Dataset records
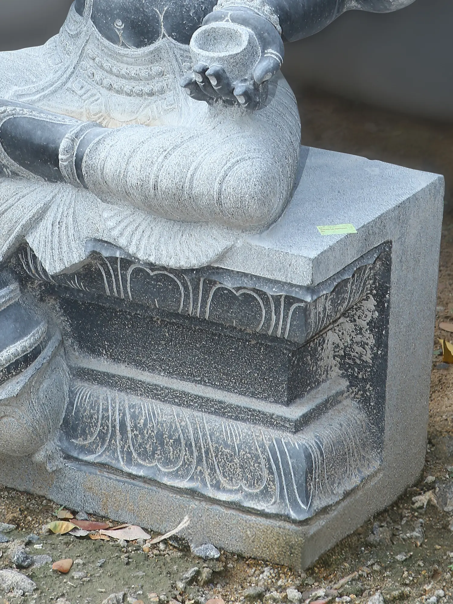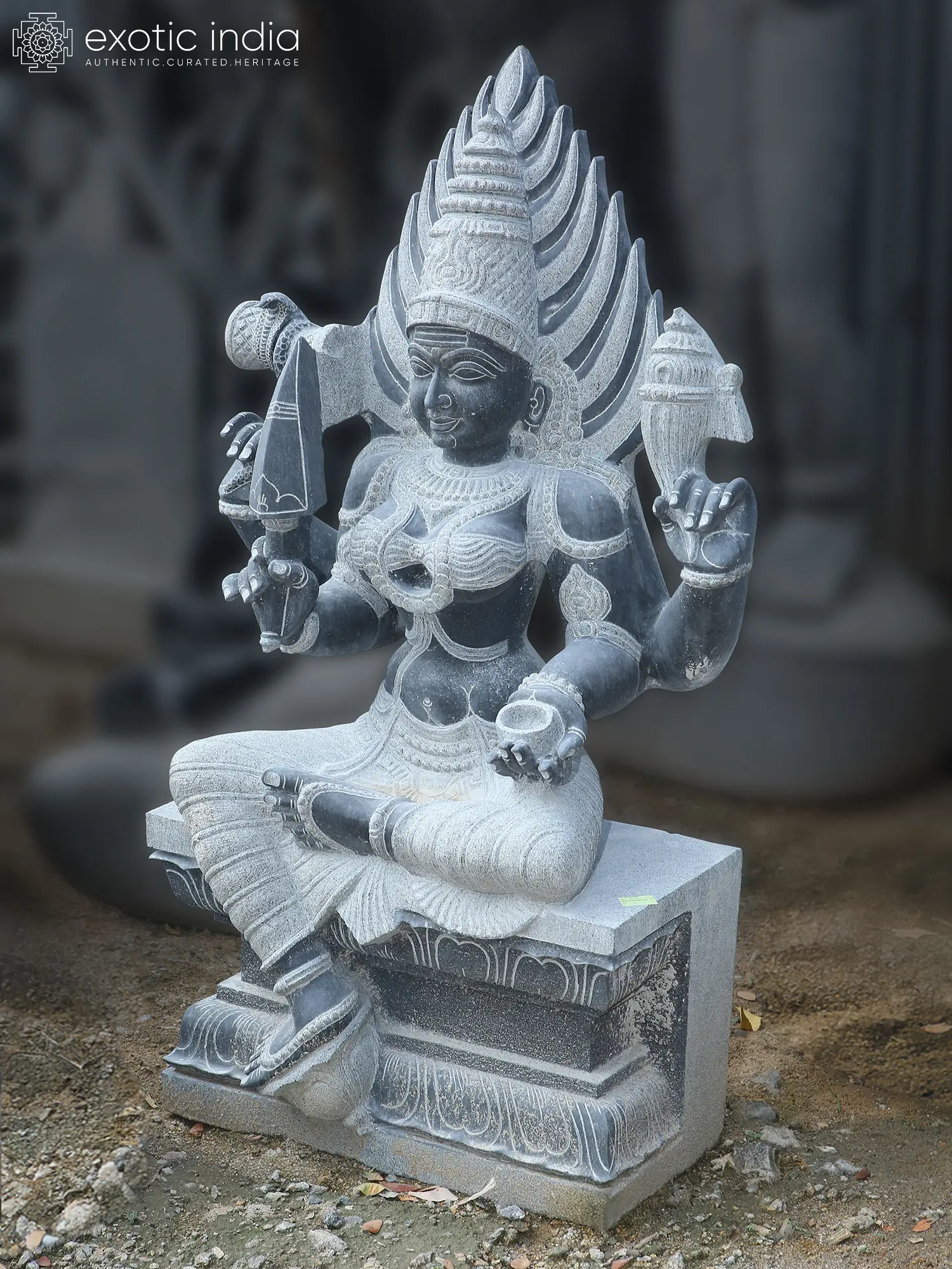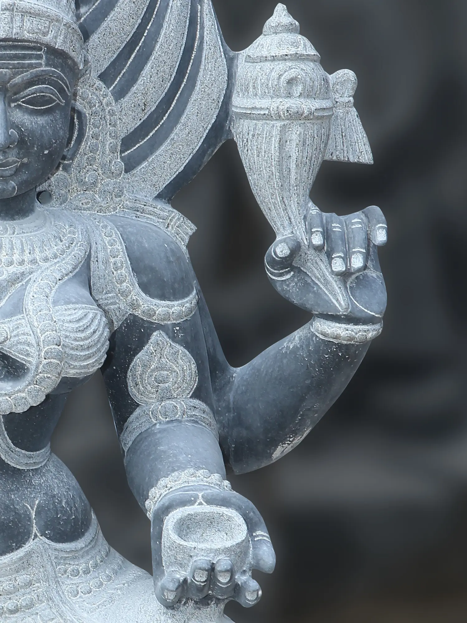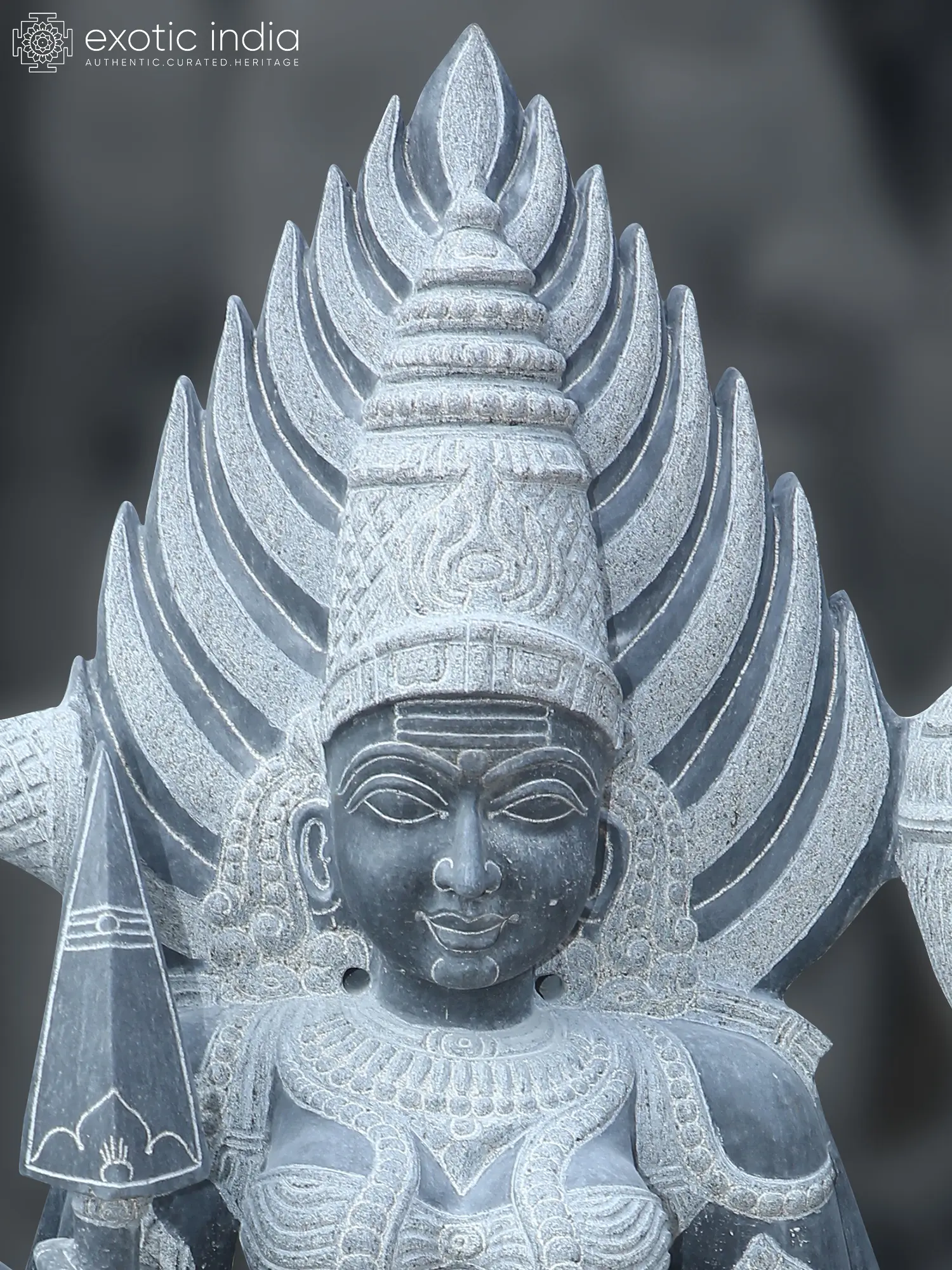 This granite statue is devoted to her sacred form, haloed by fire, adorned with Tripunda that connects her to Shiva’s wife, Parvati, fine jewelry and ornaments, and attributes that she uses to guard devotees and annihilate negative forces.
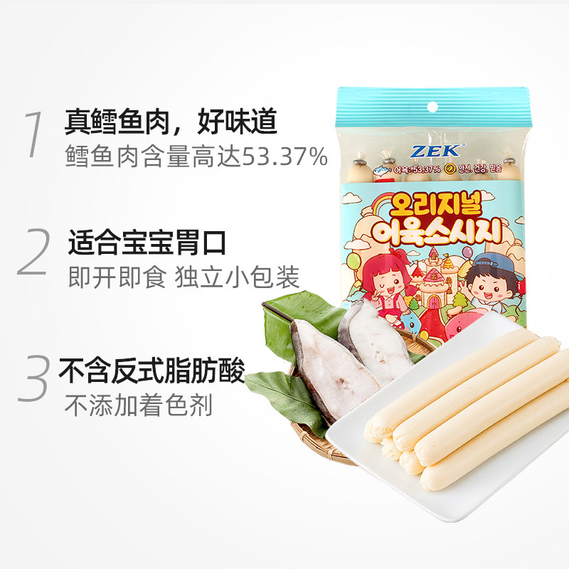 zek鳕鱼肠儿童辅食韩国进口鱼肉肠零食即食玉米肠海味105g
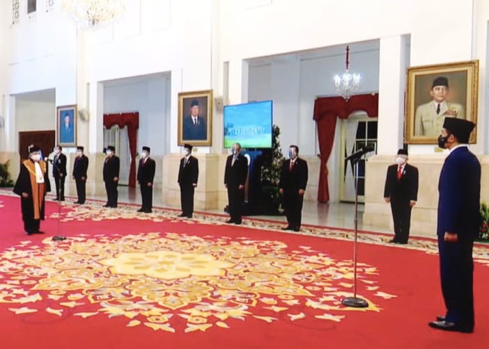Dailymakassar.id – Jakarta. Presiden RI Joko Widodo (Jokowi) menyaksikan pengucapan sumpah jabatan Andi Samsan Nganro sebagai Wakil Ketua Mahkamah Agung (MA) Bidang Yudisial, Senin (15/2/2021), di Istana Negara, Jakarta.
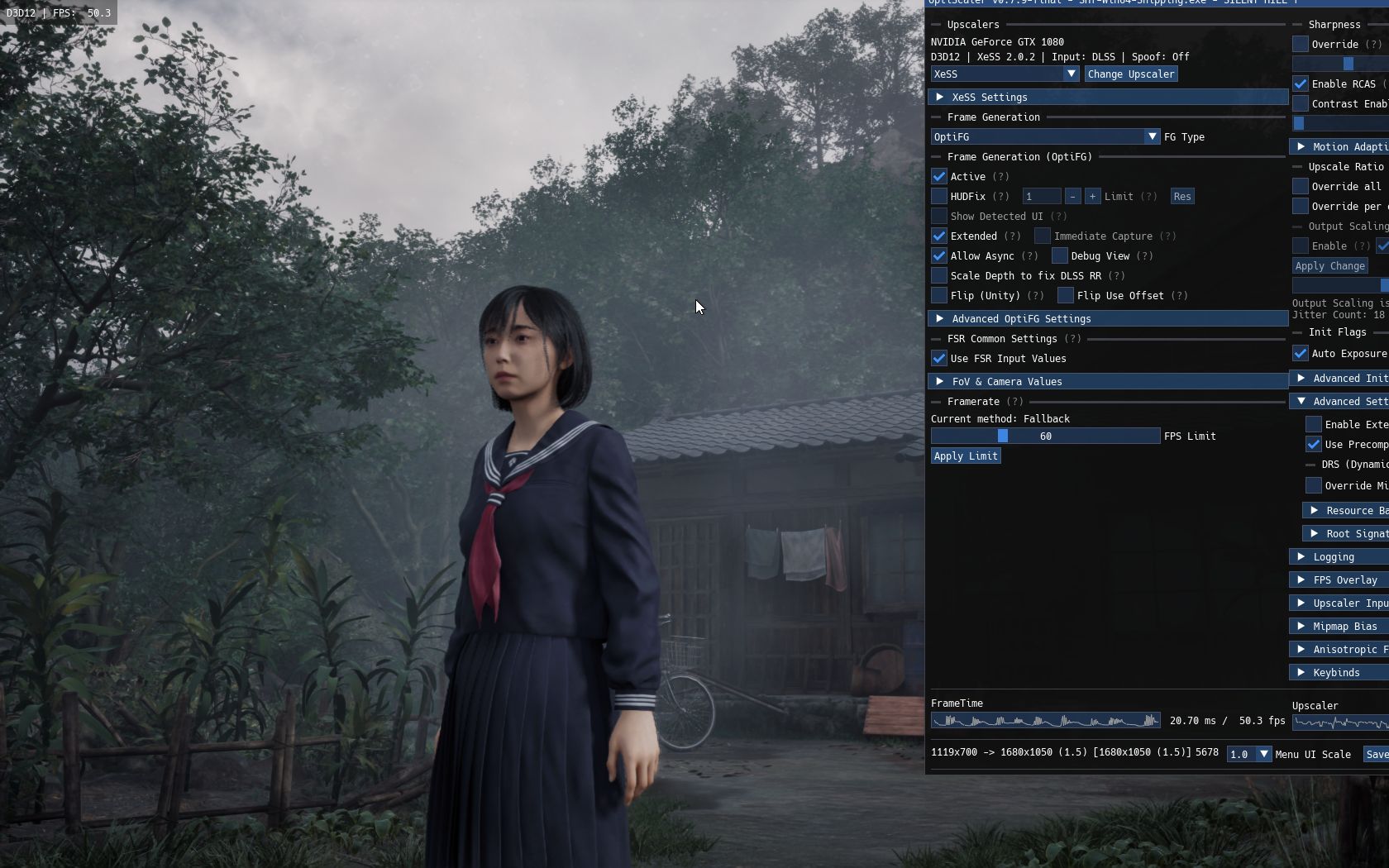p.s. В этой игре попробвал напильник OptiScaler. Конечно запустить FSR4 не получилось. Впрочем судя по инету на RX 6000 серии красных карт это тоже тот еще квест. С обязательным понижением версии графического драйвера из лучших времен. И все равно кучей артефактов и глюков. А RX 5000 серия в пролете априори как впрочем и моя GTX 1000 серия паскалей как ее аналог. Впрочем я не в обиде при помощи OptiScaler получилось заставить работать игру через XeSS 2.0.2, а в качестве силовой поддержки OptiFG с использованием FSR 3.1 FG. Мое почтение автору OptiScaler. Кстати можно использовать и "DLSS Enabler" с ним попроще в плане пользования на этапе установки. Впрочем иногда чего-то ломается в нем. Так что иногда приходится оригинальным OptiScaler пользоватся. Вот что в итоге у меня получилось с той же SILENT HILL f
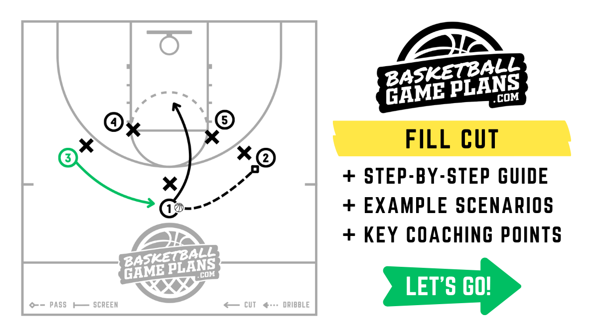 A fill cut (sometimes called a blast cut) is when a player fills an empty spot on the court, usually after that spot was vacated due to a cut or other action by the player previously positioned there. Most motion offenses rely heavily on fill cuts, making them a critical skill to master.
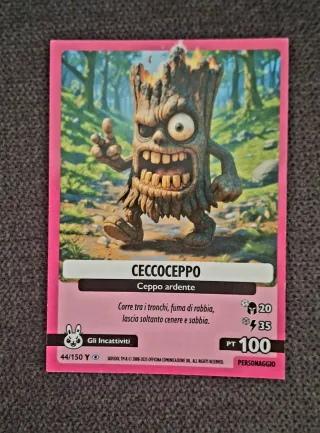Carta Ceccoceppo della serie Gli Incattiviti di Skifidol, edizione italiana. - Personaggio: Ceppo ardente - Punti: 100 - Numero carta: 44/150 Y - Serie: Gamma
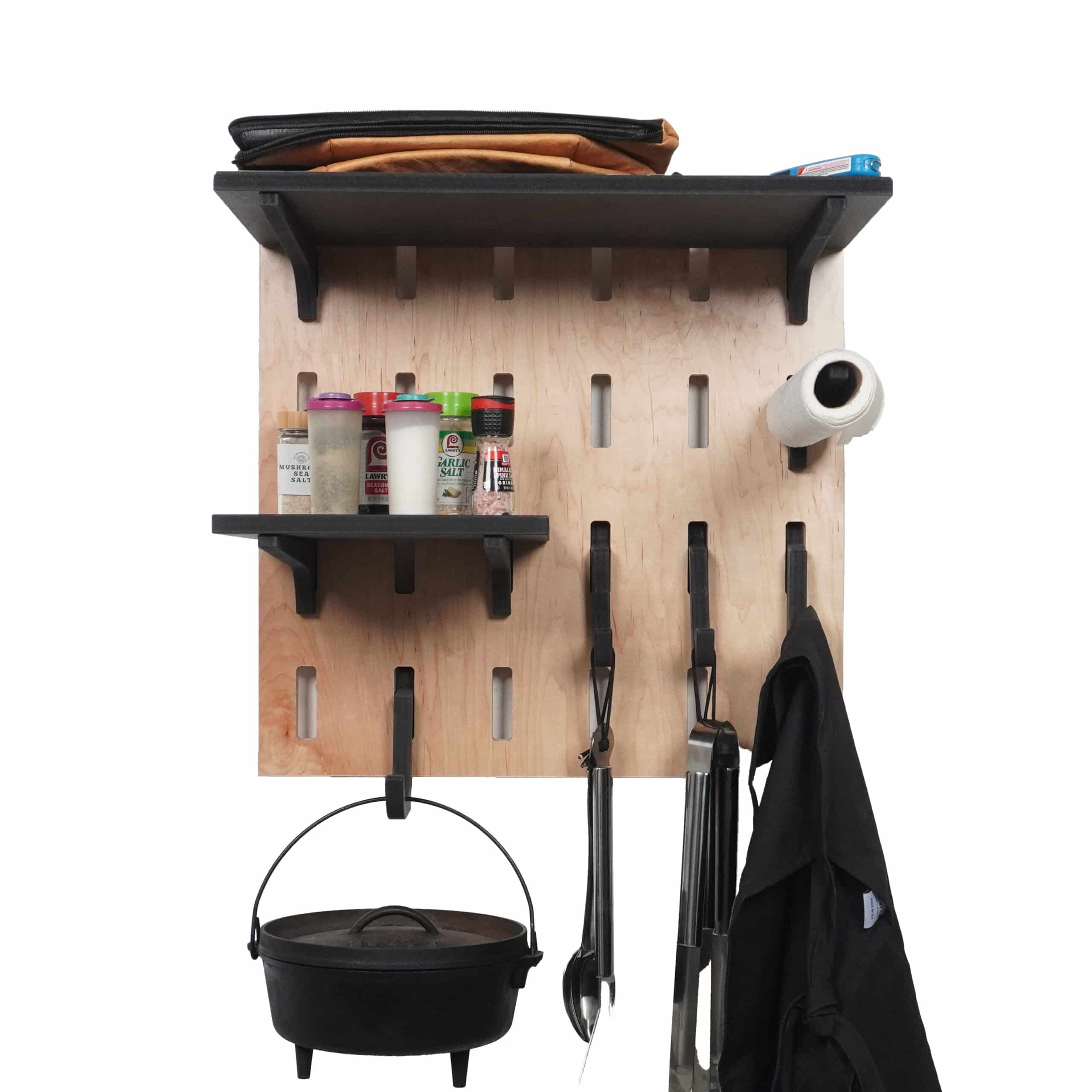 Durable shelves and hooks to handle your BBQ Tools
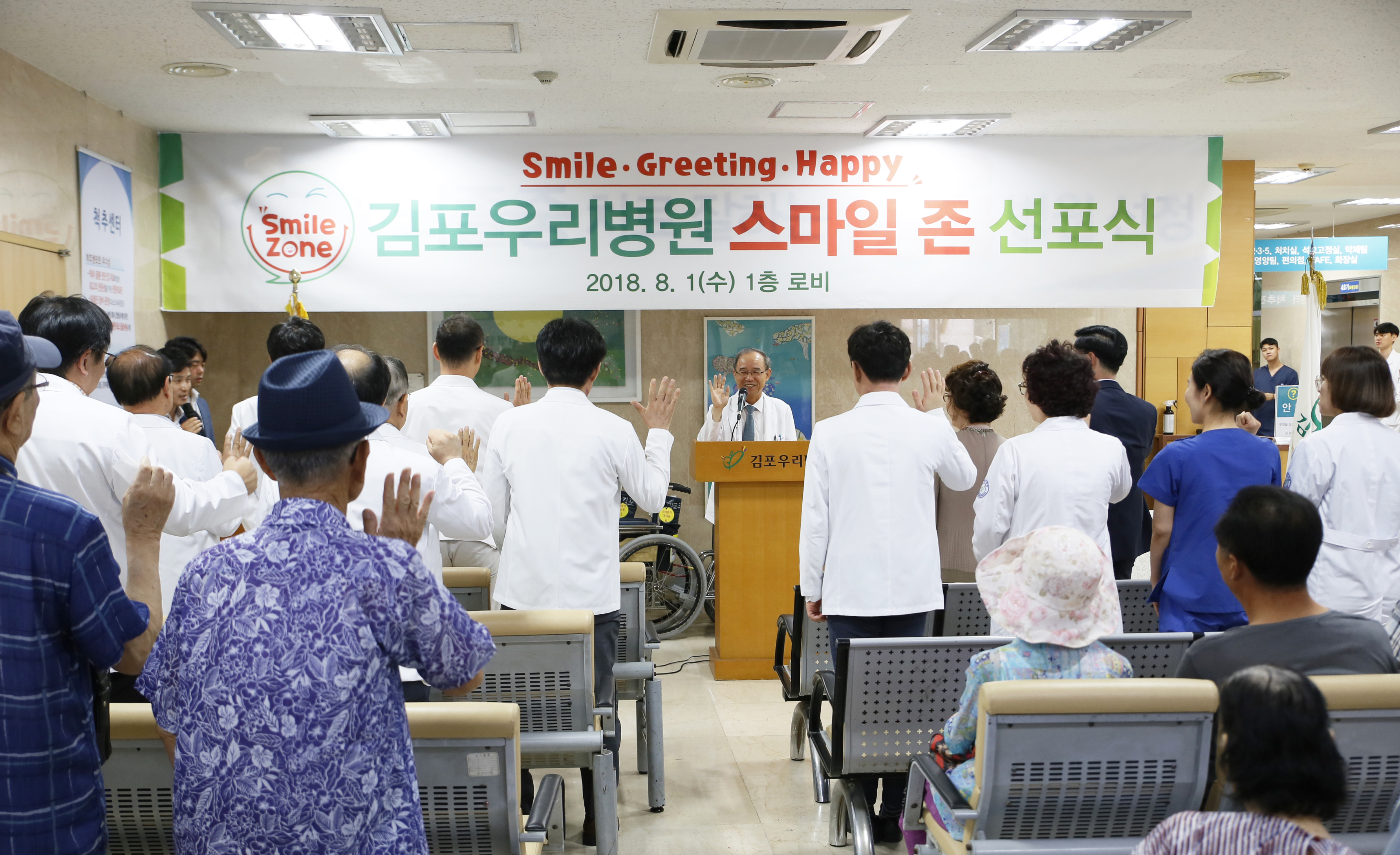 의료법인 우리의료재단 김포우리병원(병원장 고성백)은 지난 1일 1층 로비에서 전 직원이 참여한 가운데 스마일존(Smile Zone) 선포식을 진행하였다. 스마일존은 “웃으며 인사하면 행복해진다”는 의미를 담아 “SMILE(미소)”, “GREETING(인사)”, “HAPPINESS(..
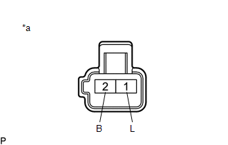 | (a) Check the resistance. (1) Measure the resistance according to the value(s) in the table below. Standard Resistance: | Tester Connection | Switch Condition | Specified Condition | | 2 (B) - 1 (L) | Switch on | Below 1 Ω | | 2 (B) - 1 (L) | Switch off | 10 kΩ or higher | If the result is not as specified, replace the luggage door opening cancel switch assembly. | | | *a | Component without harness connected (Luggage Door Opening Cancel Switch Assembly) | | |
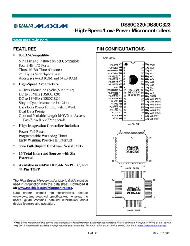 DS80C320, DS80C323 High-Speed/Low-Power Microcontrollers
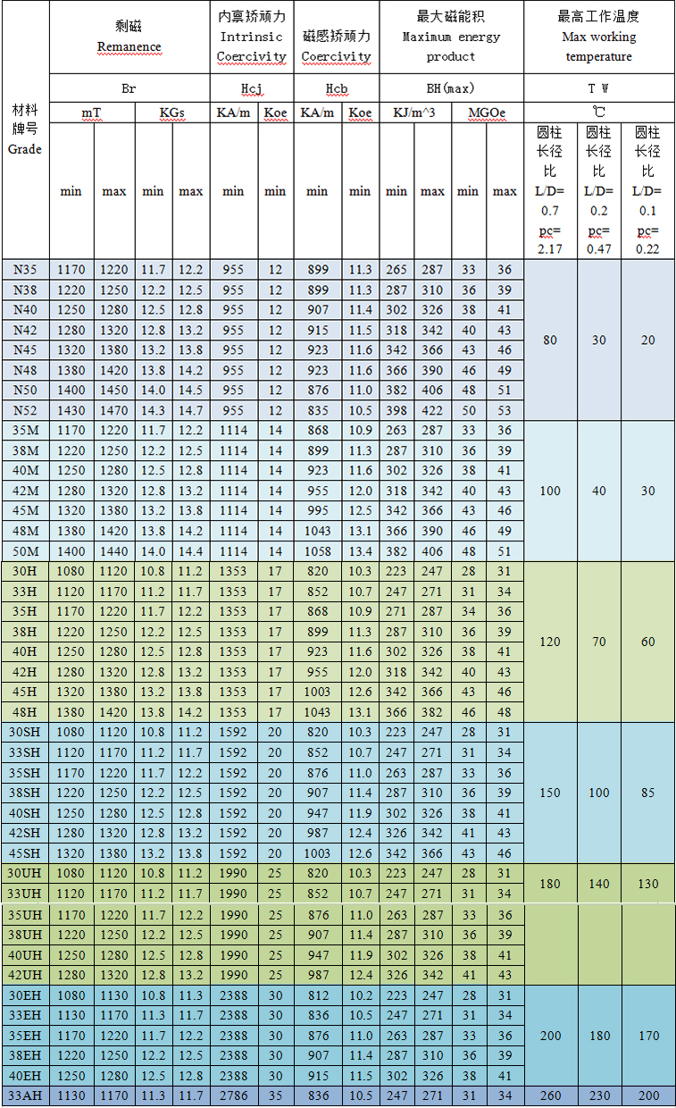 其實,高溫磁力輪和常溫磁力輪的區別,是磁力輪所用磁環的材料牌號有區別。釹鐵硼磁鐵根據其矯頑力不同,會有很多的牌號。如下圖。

* _WORK REQUEST_:
None of the pictures belong in the result. Print exactly the lines from the one containing "DS80C320, DS80C323 High-Speed/Low-Power" through the final line of the entries.

* _EXERCISE RESULT_:
 DS80C320, DS80C323 High-Speed/Low-Power Microcontrollers
 其實,高溫磁力輪和常溫磁力輪的區別,是磁力輪所用磁環的材料牌號有區別。釹鐵硼磁鐵根據其矯頑力不同,會有很多的牌號。如下圖。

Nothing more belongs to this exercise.